The Amazing Power of the Subconscious Mind


The greatest asset you own is the power of your mind. But to take full advantage of that great power, you need to understand how your mind works and how to align your conscious desires with your subconscious programs. 

When your conscious desires are aligned with your subconscious patterns, you will be unstoppable. 

To align the two, you will need to understand the infallible rules of the subconscious mind and how to use them to eliminate blocks that are limiting your successes.  

If you have ever considered the many things humans have accomplished, you know the power of the conscious mind. 

And if you have ever tried to conquer a fear, change a habit, or get more motivated to do something you want to do but haven’t been doing, only to find yourself up against a seemingly immovable wall, you know the power of the subconscious mind.

As powerful as the conscious mind is, the subconscious mind is estimated to be thousands of times more powerful.  So much more powerful that whenever your conscious and subconscious are in conflict, your subconscious mind invariably wins. A fact you have no doubt experienced.

The conscious mind is logical where the subconscious is imaginal. The imaginal mind builds stories around images, sensations, and concepts rather than concrete facts. And the stories it creates don't need be factual, they just need to make sense conceptually.

The conscious mind actively seeks information and hands it off to the subconscious, which passively receives it and turns it into a complete, full-bodied story. And, like all stories, they live in the imaginal, conceptual world. 

Subconscious stories all have a specific purpose and a specific trigger, which gets activated whenever the right stimulus is present. 

Problems arise when the stories that are getting triggered conflict with conscious desires. And as you have likely discovered, whenever conscious logic or desire competes with subconscious imaginative concepts, the conceptual view always wins, and we find ourselves doing things we don’t consciously want to be doing, or not doing things we wish we were.

Trying to eliminate a fear or change an ingrained habit through will power or self-discipline (conscious will) doesn’t really work, though at times it appears that it does. 

People who insist on using a logical course of action to make a change are often not aware that they must first imagine themselves doing what they want to be doing before they can determine to do it.  Logic activates the conscious mind, but doesn’t affect the subconscious mind.  Only when the desired change is a clear and present reality to the subconscious mind does a change actually occur. 

For example, a smoker trying to quit must change the image he or she holds of cigarettes and of himself as a smoker before a change, or even a desire to change, can take place.  

As long as the smoker imagines the act of smoking as a pleasant experience with some benefit, and cannot override that image with something unpleasant and undesirable, the smoking continues no matter external action what the individual may try.  

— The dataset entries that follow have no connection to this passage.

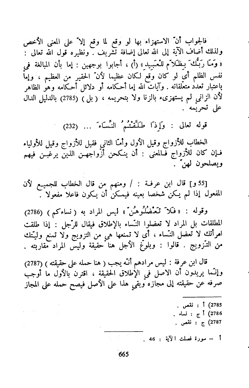 قال ابن عرفة: ليس مرادهم أنّه يجب (هنا حمله على حقيقته) وإنّما يريدون أن الاصل في الإطلاق الحقيقة، اقترن بالأول ما أوجب صرفه عن حقيقته إلى مجازه وبقي هذا على الأصل فيصح حمله على المجاز
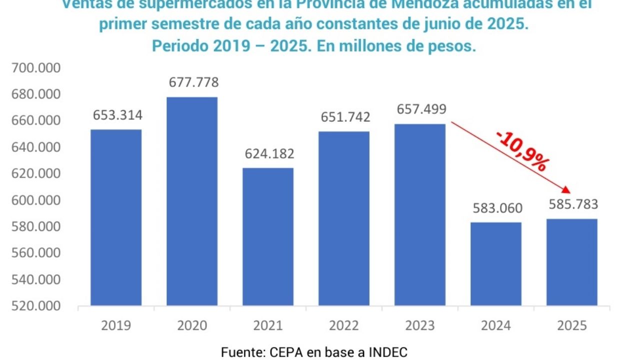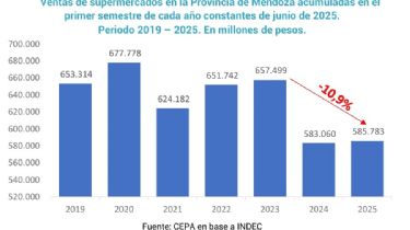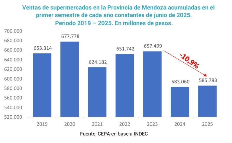 Las ventas en supermercados de Mendoza tuvieron un repunte marginal del 0,5% en el primer semestre de 2025 frente al mismo período del año pasado. Sin embargo, esa mejora no alcanza a compensar el retroceso previo: el nivel actual de facturación se ubica 10,9% por debajo del primer semestre de 2023 y 10,1% por debajo de 2022, en precios constantes de junio de 2025.
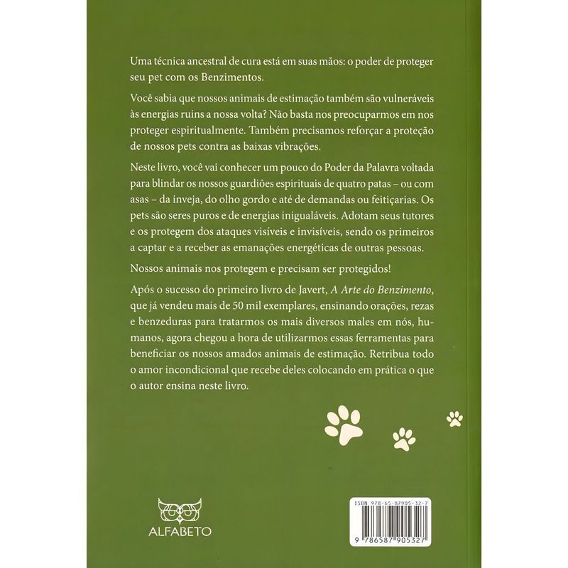Você sabia que nossos animais de estimação também são vulneráveis às energias ruins a nossa volta? Não basta nos preocuparmos em nos proteger espiritualmente, Também precisamos reforçar a proteção de nossos pets contra as baixas vibrações,Neste livro, você vai conhecer um pouco do Poder da Palavra voltada para blindar os nossos guardiões espirituais de quatro patas – ou com asas – da inveja, do olho gordo e até de demandas ou feitiçarias, Os pets são seres puros e de energias inigualáveis, Adotam seus tutores e os protegem dos ataques visíveis e invisíveis, sendo os primeiros a captar e a receber as emanações energéticas de outras pessoas,Nossos animais nos protegem e precisam ser protegidos!Após o sucesso do primeiro livro de Javert, A Arte do Benzimento, que já vendeu mais de 50 mil exemplares, ensinando orações, rezas e benzeduras para tratarmos os mais diversos males em nós, hu¬manos, agora chegou a hora de utilizarmos essas ferramentas para beneficiar os nossos amados animais de estimação, Retribua todo o amor incondicional que recebe deles colocando em prática o que o autor ensina neste livro,

The same is true of a dieter. Before overweight, out of shape people can get fit and trim, three things have to happen:

  1. They have to change their body image, that is, how they see themselves in their mind's eye.
     
  2. They have to love their entire self (body and all) enough to take care of themselves on every level, and of course, this won't happen as long as the body image they hold is not to their liking.
     
  3. They have to look at food differently. As long as they hold onto the pleasure of consuming big meals or high calorie foods, as opposed to seeing food as a means for nourishing and maintaining a fit, healthy body, the individual will continue to overeat and/or eat the wrong foods and will continue to struggle with their weight.

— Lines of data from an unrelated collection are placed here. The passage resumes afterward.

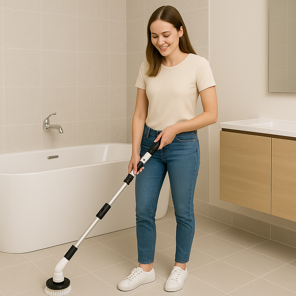 Este cepillo eléctrico es increíble. Limpio todo mi baño en menos de la mitad del tiempo habitual, y no tengo que agacharme constantemente. Una compra genial.
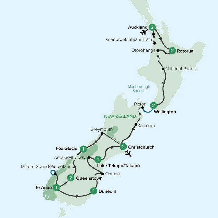 Today begins with an Insider Experience. Afterwards, return to Auckland by coach. (B)
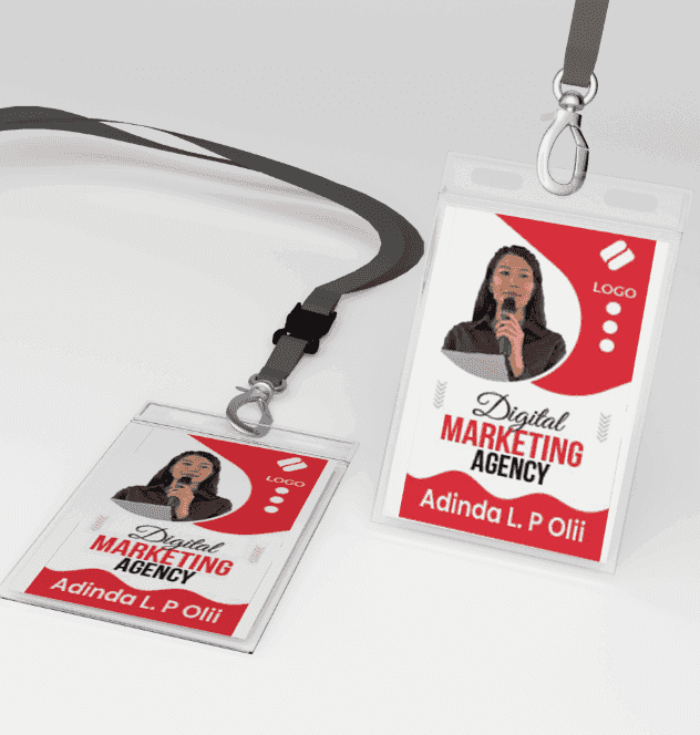 ID card vertikal ini memiliki desain simpel dan stylish dengan warna dominan merah maroon yang memberikan kesan profesional. Bentuknya persegi panjang vertikal menampilkan elemen visual berupa bidang maroon di sisi kiri dan bagian tengah dengan foto pemilik, serta ruang khusus untuk nama dan jabatan. Karakter utama dalam desain berupa teks identitas dan logo perusahaan yang tampil jelas di bagian atas. Cocok digunakan sebagai kartu identitas karyawan di lingkungan perkantoran atau instansi bisnis modern, membidik target pasar korporasi dan organisasi yang mengutamakan kesan formal serta tata kelola yang rapi.
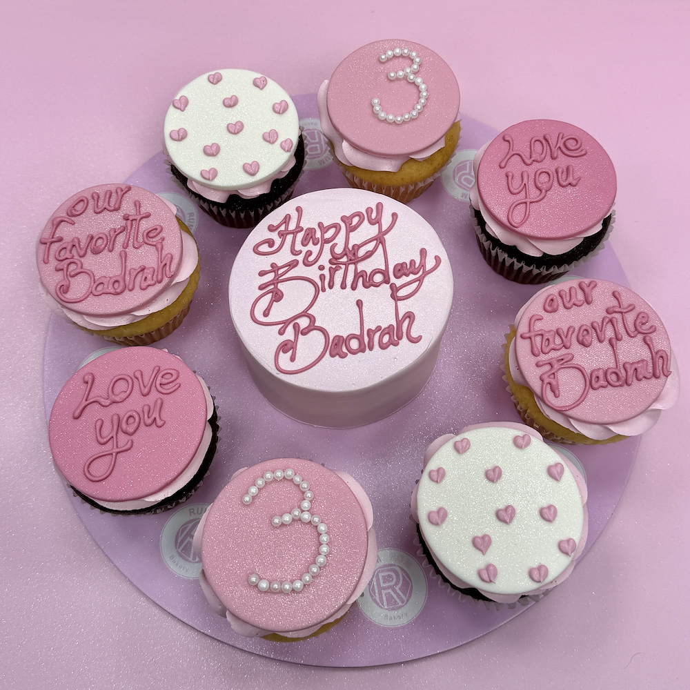 A mini cake with 8 cupcakes in chocolate and vanilla flavors. name and age is customizable.
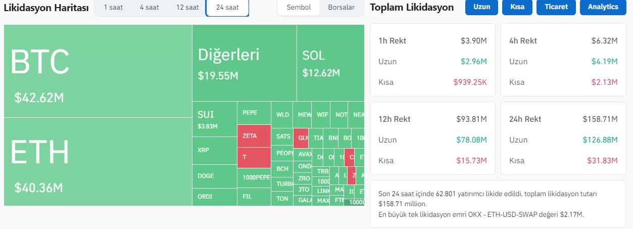 Piyasadaki bu düşüş çok sayıda long pozisyonun tasfiye dilmesine neden oldu. CoinGlass verilerine göre son 24 saatte 158,7 milyon dolar kaldıraçlı işlem tasfiye oldu. Bunların 126,8 milyon doları long pozisyonlardan 31,8 milyon doları ise short pozisyonlardan oluştu.
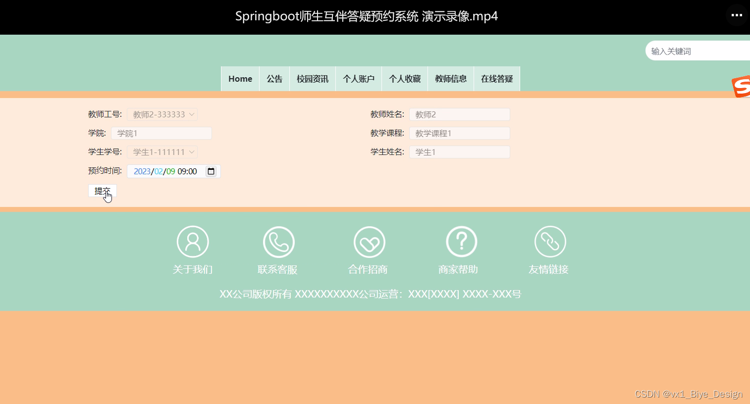Key words: teachers and students accompany each other to answer questions and make appointments; Java language; Relational database; data storage

Notice that all of the changes noted above are imaginary concepts. People don't love what they see as undesirable or unappealing. But, resisting an undesirable or unappealing thing doesn’t change it. In fact, resistance generally just gives it more strength... kind of like adding weights to a workout routine. The greater the resistance, the stronger the muscles grow to compensate. The mind works in exactly the same way. To change our reality, we first have to change our view of it – we have to clearly envision and take ownership of the outcome we want.

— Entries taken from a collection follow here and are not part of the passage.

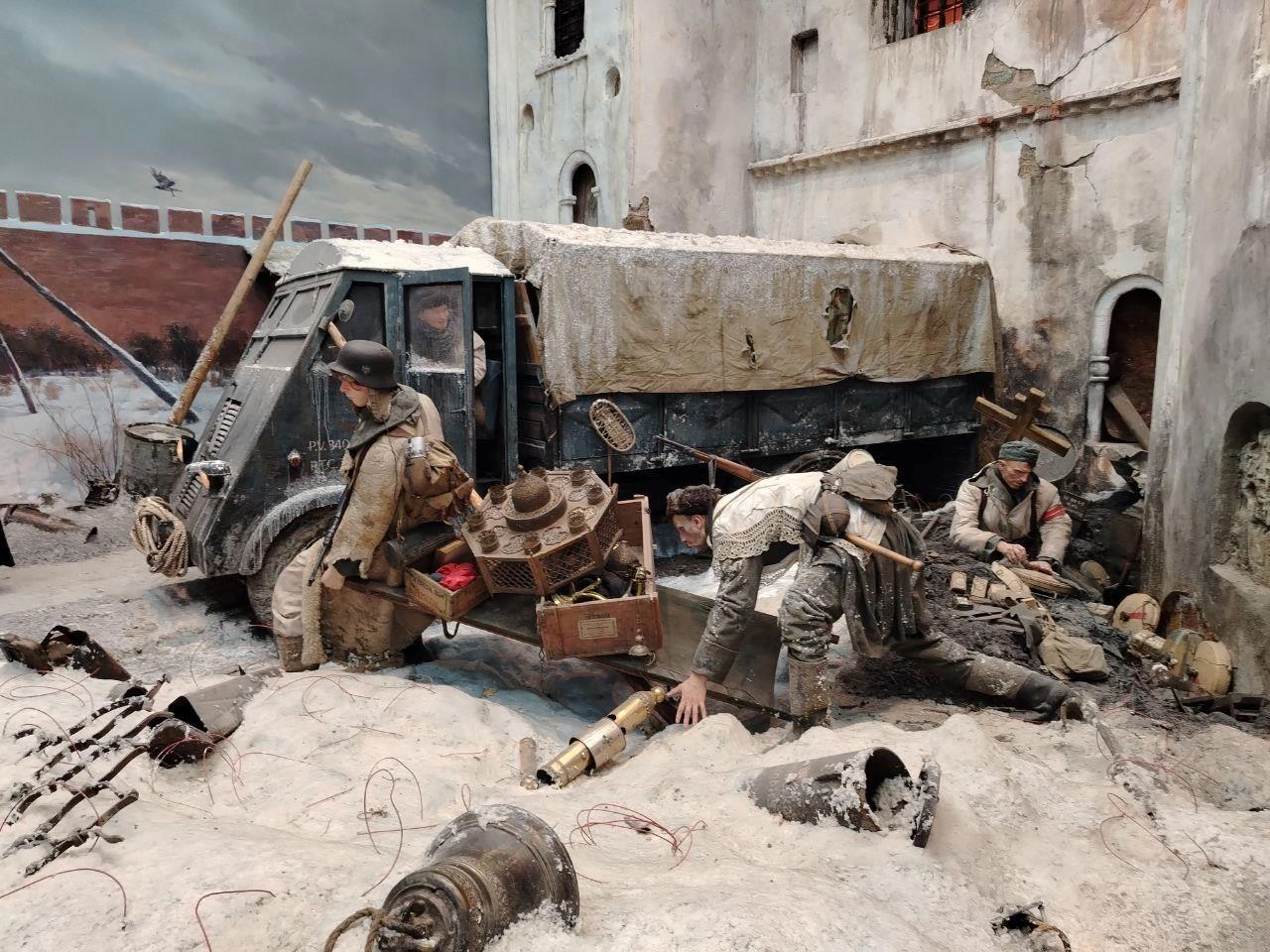 Сталинградская битва. Немцы явно замерзают, но мне их ни капли не жалко. Грузовик, упавшие памятники, орудия, все полноразмерное.
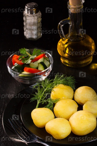 Вареный картофель, укроп, растительное масло и соль
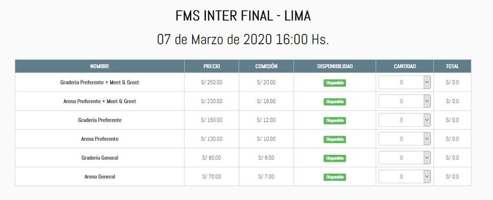 Tal y como se puede observar en la siguiente imagen, el valor de los tickets para la última parada de la FMS Internacional oscila entre los 77 y 270 soles, incluida la comisión por la compra, que podrá realizarse a través de la página web oficial del evento. Asimismo, la distribución se da de la siguiente manera: Gradería Preferente, Arena Preferente, Gradería General y Arena General.

The subconscious mind is like a homing device. It unfailingly follows whatever we focus on and take ownership of.

In the classic self-help book, Napoleon Hill's Think and Grow Rich, Hill, after thirty years of studying successful men, boiled all the things he had discovered down to one essential factor: successful people achieve great things because they are able to clearly visualize what they want and take ownership of it before they actually have it. This is not a “fake it till you make it” approach as many suggest. It’s more like knowing, without a doubt, that you have a hundred million dollars in a bank in Switzerland that you have to show up in person to claim. If you knew that, you would do whatever it took to get to that bank in Switzerland. You don’t have the money in your hands, but you know it’s yours once you arrive to claim it. That’s the kind of ownership to which Napoleon Hill was referring.   

Clarity and ownership are the ultimate keys to success.  

But, here's the rub: until you get all the old rubbish that now clutters your mind out of your way, you won't have any choice except to deal with it, and as long as you are dealing with it, you are stuck where you are.

Your subconscious mind is one of the most powerful forces you have available to you. Learn how it works and work with it, and you can have anything you want faster and easier than you might now imagine is possible.